Work order:
Once the line with "2-Way Manual Front" is found, repeat exactly that line and every one after it until the data below ends, including the last line.

Source material:
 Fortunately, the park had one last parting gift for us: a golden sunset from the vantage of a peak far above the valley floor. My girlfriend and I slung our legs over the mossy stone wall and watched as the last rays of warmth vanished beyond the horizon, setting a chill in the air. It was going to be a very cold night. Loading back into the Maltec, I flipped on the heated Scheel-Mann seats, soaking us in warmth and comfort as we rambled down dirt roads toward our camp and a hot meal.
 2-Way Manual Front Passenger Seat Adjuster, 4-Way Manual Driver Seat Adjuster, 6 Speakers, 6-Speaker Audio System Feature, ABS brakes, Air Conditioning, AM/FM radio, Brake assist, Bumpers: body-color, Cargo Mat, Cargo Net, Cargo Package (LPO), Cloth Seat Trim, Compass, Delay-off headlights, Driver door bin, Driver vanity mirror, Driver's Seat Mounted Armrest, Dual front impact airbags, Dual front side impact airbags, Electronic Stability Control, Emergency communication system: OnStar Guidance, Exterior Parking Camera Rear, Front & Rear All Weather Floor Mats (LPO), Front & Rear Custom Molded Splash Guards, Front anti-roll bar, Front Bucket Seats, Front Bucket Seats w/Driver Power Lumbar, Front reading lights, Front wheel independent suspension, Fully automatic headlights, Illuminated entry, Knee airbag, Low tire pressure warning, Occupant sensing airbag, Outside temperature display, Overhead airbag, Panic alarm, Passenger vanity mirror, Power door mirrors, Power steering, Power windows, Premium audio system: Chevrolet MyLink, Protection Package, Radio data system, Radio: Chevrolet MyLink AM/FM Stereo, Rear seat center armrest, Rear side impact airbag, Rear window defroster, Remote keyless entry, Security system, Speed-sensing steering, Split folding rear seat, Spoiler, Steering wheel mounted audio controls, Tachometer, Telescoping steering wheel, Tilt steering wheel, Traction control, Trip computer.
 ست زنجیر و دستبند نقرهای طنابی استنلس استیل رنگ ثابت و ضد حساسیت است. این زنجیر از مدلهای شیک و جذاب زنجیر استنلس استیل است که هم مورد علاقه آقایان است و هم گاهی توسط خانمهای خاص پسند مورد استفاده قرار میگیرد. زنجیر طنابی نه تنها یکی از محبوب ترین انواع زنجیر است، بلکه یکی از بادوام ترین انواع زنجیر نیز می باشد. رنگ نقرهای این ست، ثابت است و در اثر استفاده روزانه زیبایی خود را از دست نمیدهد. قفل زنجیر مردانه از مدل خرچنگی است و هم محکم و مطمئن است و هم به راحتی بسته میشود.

Exercise solution:
 2-Way Manual Front Passenger Seat Adjuster, 4-Way Manual Driver Seat Adjuster, 6 Speakers, 6-Speaker Audio System Feature, ABS brakes, Air Conditioning, AM/FM radio, Brake assist, Bumpers: body-color, Cargo Mat, Cargo Net, Cargo Package (LPO), Cloth Seat Trim, Compass, Delay-off headlights, Driver door bin, Driver vanity mirror, Driver's Seat Mounted Armrest, Dual front impact airbags, Dual front side impact airbags, Electronic Stability Control, Emergency communication system: OnStar Guidance, Exterior Parking Camera Rear, Front & Rear All Weather Floor Mats (LPO), Front & Rear Custom Molded Splash Guards, Front anti-roll bar, Front Bucket Seats, Front Bucket Seats w/Driver Power Lumbar, Front reading lights, Front wheel independent suspension, Fully automatic headlights, Illuminated entry, Knee airbag, Low tire pressure warning, Occupant sensing airbag, Outside temperature display, Overhead airbag, Panic alarm, Passenger vanity mirror, Power door mirrors, Power steering, Power windows, Premium audio system: Chevrolet MyLink, Protection Package, Radio data system, Radio: Chevrolet MyLink AM/FM Stereo, Rear seat center armrest, Rear side impact airbag, Rear window defroster, Remote keyless entry, Security system, Speed-sensing steering, Split folding rear seat, Spoiler, Steering wheel mounted audio controls, Tachometer, Telescoping steering wheel, Tilt steering wheel, Traction control, Trip computer.
 ست زنجیر و دستبند نقرهای طنابی استنلس استیل رنگ ثابت و ضد حساسیت است. این زنجیر از مدلهای شیک و جذاب زنجیر استنلس استیل است که هم مورد علاقه آقایان است و هم گاهی توسط خانمهای خاص پسند مورد استفاده قرار میگیرد. زنجیر طنابی نه تنها یکی از محبوب ترین انواع زنجیر است، بلکه یکی از بادوام ترین انواع زنجیر نیز می باشد. رنگ نقرهای این ست، ثابت است و در اثر استفاده روزانه زیبایی خود را از دست نمیدهد. قفل زنجیر مردانه از مدل خرچنگی است و هم محکم و مطمئن است و هم به راحتی بسته میشود.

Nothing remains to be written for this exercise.